▶ _Assignment_
All lines in the records below from the line with "Kuličkové pero Kish" through the line with "Vuoi RISPARMIARE sulle tue SACCHE URINA?" are to be given again exactly, both ends included; the pictures are to be left out.

▶ _Dataset excerpts_
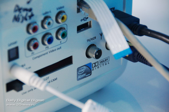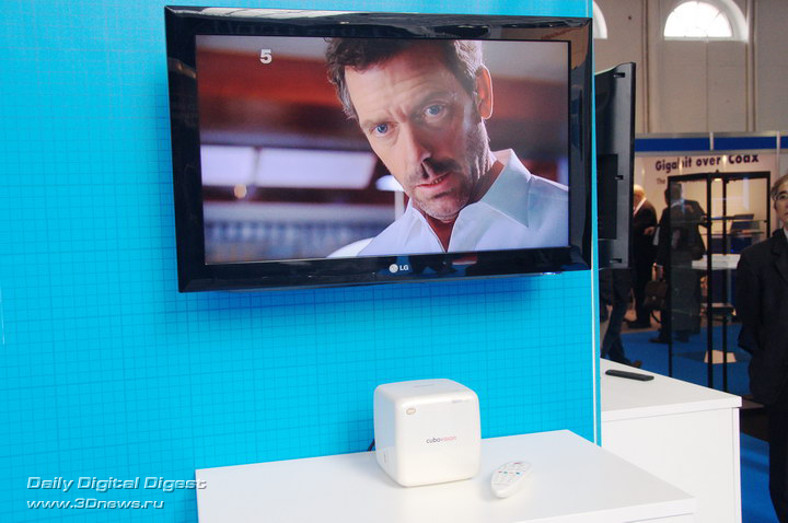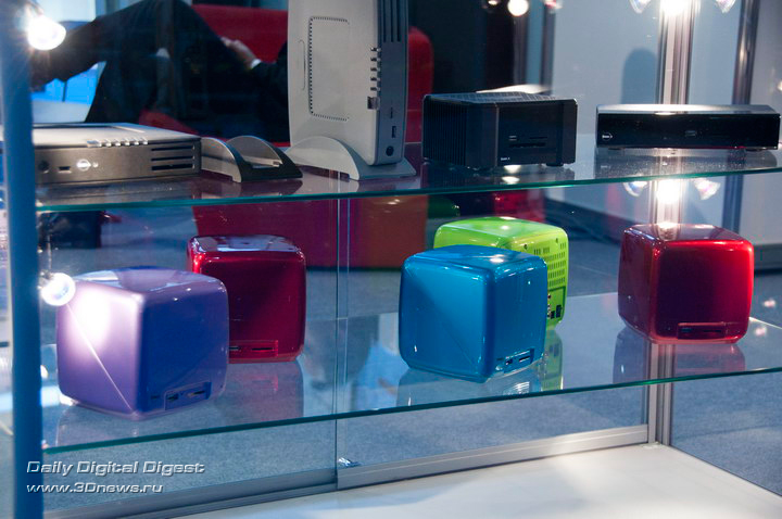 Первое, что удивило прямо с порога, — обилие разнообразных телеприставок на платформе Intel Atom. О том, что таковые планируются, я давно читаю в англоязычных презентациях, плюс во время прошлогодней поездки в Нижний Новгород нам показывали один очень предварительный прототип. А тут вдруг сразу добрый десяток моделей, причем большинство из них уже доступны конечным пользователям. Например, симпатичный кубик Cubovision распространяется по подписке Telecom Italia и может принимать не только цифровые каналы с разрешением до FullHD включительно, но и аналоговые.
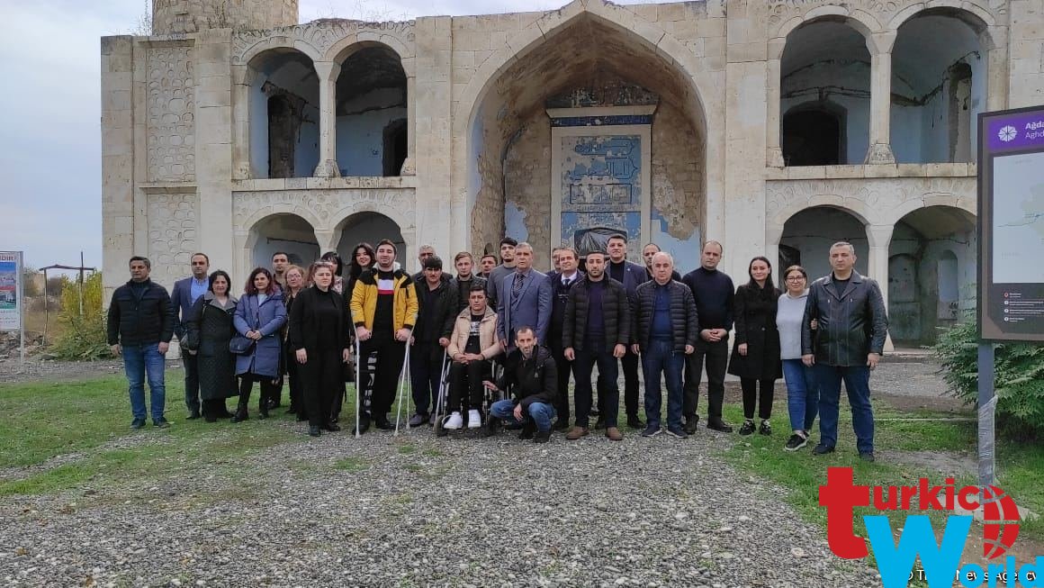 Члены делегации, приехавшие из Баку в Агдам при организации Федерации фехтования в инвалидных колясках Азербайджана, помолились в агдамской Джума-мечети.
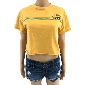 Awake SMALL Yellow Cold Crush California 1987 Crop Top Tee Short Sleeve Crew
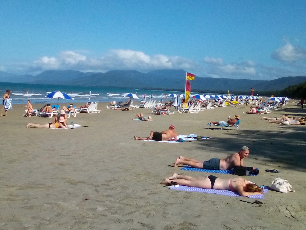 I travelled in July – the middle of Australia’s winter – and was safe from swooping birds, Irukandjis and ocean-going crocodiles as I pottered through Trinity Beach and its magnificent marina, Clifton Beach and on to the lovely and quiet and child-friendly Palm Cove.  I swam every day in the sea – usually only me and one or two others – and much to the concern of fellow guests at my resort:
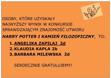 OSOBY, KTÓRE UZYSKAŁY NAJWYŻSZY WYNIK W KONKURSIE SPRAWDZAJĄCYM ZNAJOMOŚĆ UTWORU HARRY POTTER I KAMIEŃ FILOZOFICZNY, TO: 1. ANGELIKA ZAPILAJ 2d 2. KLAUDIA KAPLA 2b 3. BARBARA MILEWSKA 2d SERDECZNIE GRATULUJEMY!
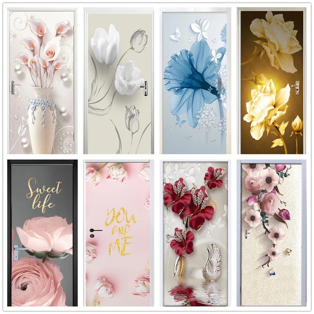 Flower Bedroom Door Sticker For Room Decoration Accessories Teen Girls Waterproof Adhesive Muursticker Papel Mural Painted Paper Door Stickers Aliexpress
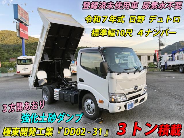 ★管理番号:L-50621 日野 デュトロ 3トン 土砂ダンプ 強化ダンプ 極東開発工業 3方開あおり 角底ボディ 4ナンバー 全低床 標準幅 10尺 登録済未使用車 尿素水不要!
==
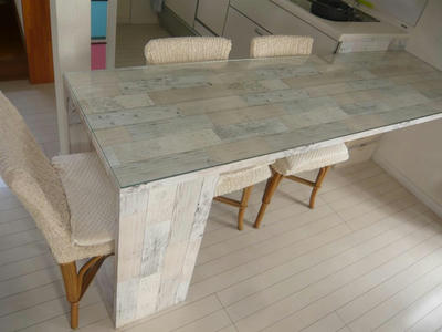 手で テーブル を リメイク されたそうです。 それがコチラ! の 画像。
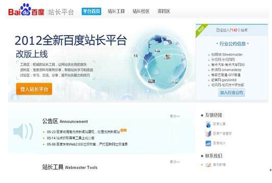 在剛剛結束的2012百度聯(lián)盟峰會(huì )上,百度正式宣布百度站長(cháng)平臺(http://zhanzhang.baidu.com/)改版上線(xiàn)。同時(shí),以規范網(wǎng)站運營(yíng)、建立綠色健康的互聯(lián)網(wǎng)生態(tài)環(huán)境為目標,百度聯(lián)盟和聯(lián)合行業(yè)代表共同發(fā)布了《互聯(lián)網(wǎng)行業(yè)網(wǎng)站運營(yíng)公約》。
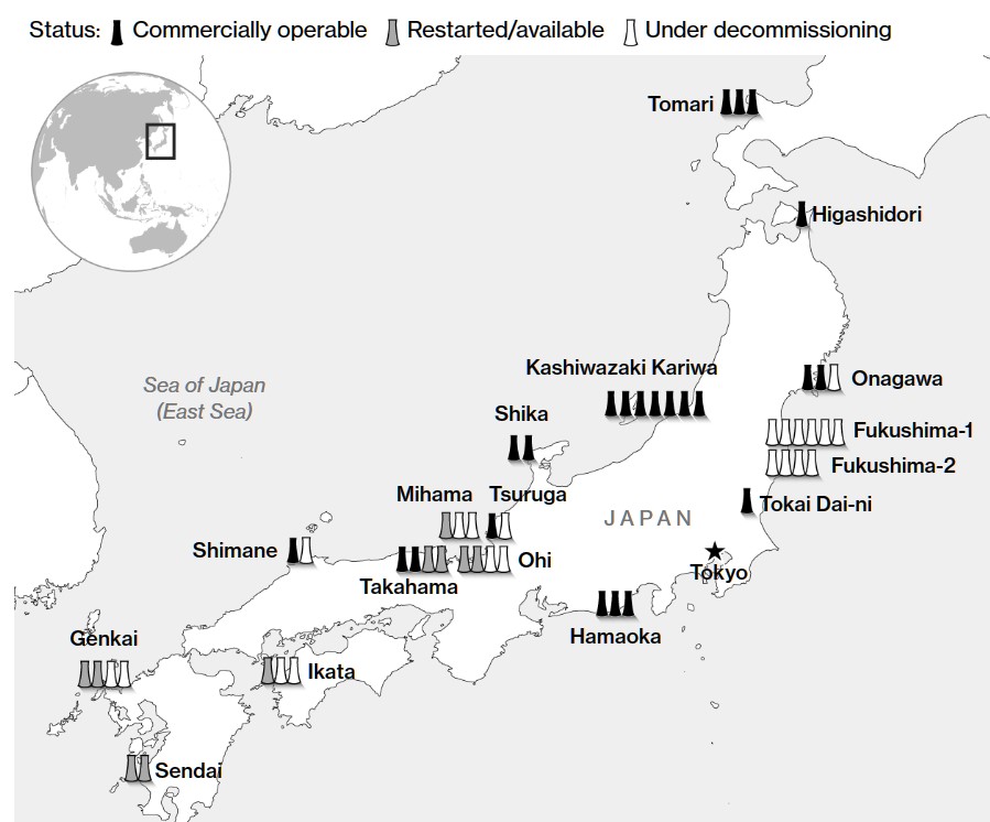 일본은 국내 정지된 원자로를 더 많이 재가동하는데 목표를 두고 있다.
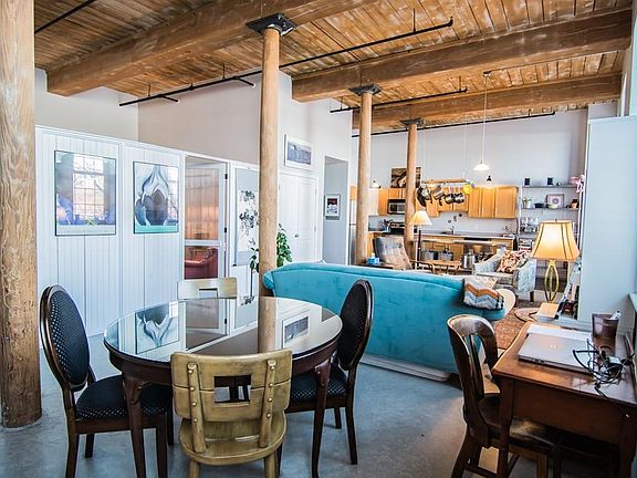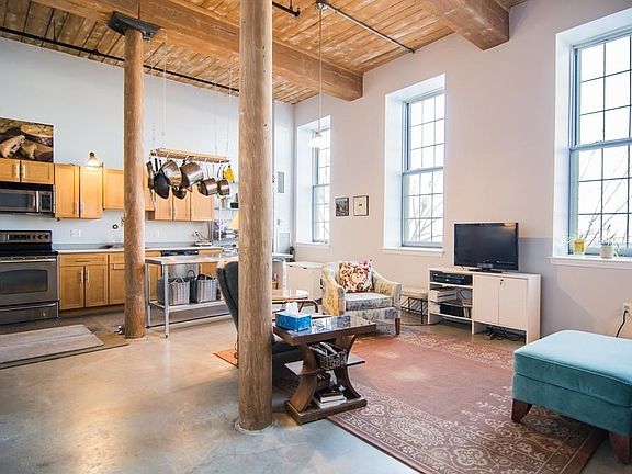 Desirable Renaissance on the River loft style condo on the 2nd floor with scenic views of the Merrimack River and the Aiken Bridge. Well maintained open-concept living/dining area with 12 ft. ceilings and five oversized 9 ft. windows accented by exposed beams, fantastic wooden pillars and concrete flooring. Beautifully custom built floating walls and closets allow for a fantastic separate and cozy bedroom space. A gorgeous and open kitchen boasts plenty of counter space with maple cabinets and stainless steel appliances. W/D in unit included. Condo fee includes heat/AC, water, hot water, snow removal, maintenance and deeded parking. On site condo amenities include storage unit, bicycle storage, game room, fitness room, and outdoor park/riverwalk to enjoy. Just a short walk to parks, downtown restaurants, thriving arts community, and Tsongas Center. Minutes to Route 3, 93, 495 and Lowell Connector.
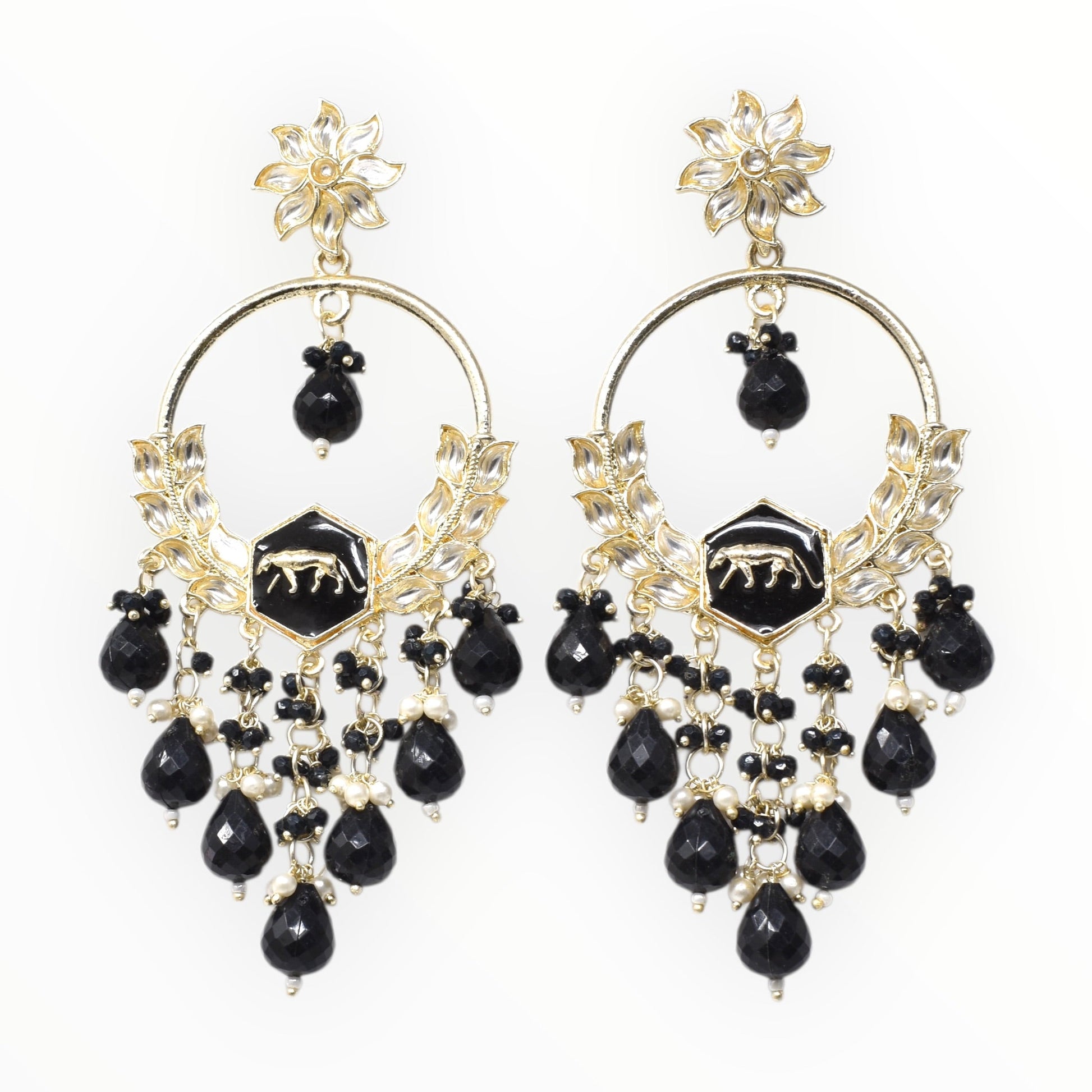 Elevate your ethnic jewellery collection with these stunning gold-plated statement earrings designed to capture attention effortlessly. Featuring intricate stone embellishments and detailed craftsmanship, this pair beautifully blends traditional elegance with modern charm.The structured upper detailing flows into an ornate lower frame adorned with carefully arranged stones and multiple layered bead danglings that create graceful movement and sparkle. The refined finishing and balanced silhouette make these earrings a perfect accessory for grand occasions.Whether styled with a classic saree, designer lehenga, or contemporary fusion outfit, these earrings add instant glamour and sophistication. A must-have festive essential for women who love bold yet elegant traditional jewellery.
--
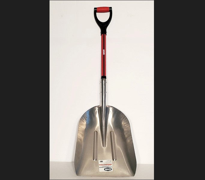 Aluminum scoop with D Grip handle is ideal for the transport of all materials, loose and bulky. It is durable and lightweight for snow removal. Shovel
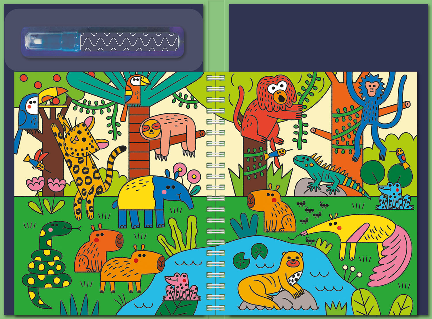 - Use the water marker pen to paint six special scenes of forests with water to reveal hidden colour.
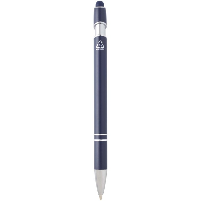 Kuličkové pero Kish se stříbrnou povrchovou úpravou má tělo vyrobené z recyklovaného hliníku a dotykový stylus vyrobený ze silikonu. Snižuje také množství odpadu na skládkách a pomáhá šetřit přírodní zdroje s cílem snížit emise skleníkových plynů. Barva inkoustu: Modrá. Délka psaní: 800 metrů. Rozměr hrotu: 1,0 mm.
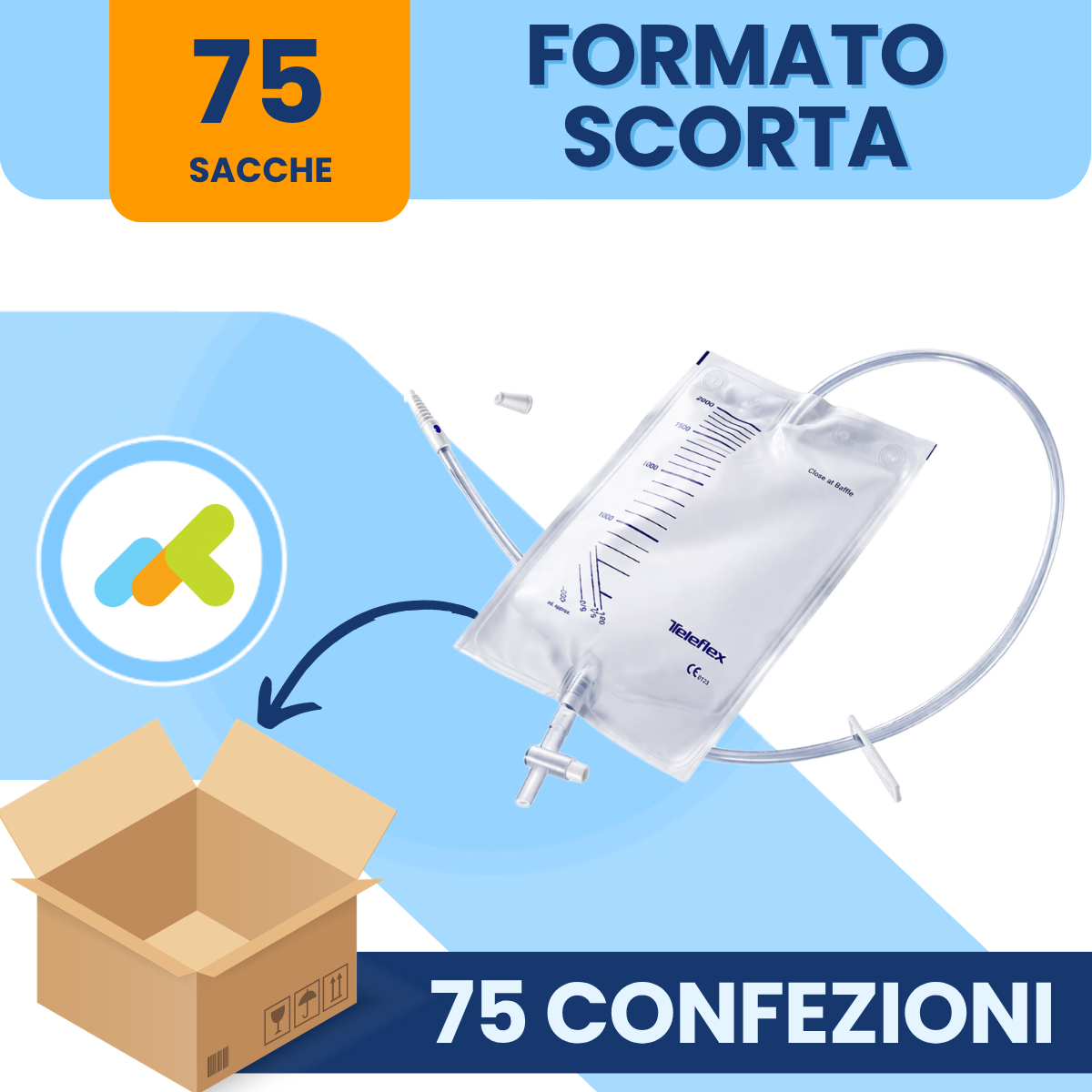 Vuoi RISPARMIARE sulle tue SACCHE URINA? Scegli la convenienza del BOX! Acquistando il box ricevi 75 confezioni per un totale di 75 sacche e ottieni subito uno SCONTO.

▶ _Your response_
 Kuličkové pero Kish se stříbrnou povrchovou úpravou má tělo vyrobené z recyklovaného hliníku a dotykový stylus vyrobený ze silikonu. Snižuje také množství odpadu na skládkách a pomáhá šetřit přírodní zdroje s cílem snížit emise skleníkových plynů. Barva inkoustu: Modrá. Délka psaní: 800 metrů. Rozměr hrotu: 1,0 mm.
 Vuoi RISPARMIARE sulle tue SACCHE URINA? Scegli la convenienza del BOX! Acquistando il box ricevi 75 confezioni per un totale di 75 sacche e ottieni subito uno SCONTO.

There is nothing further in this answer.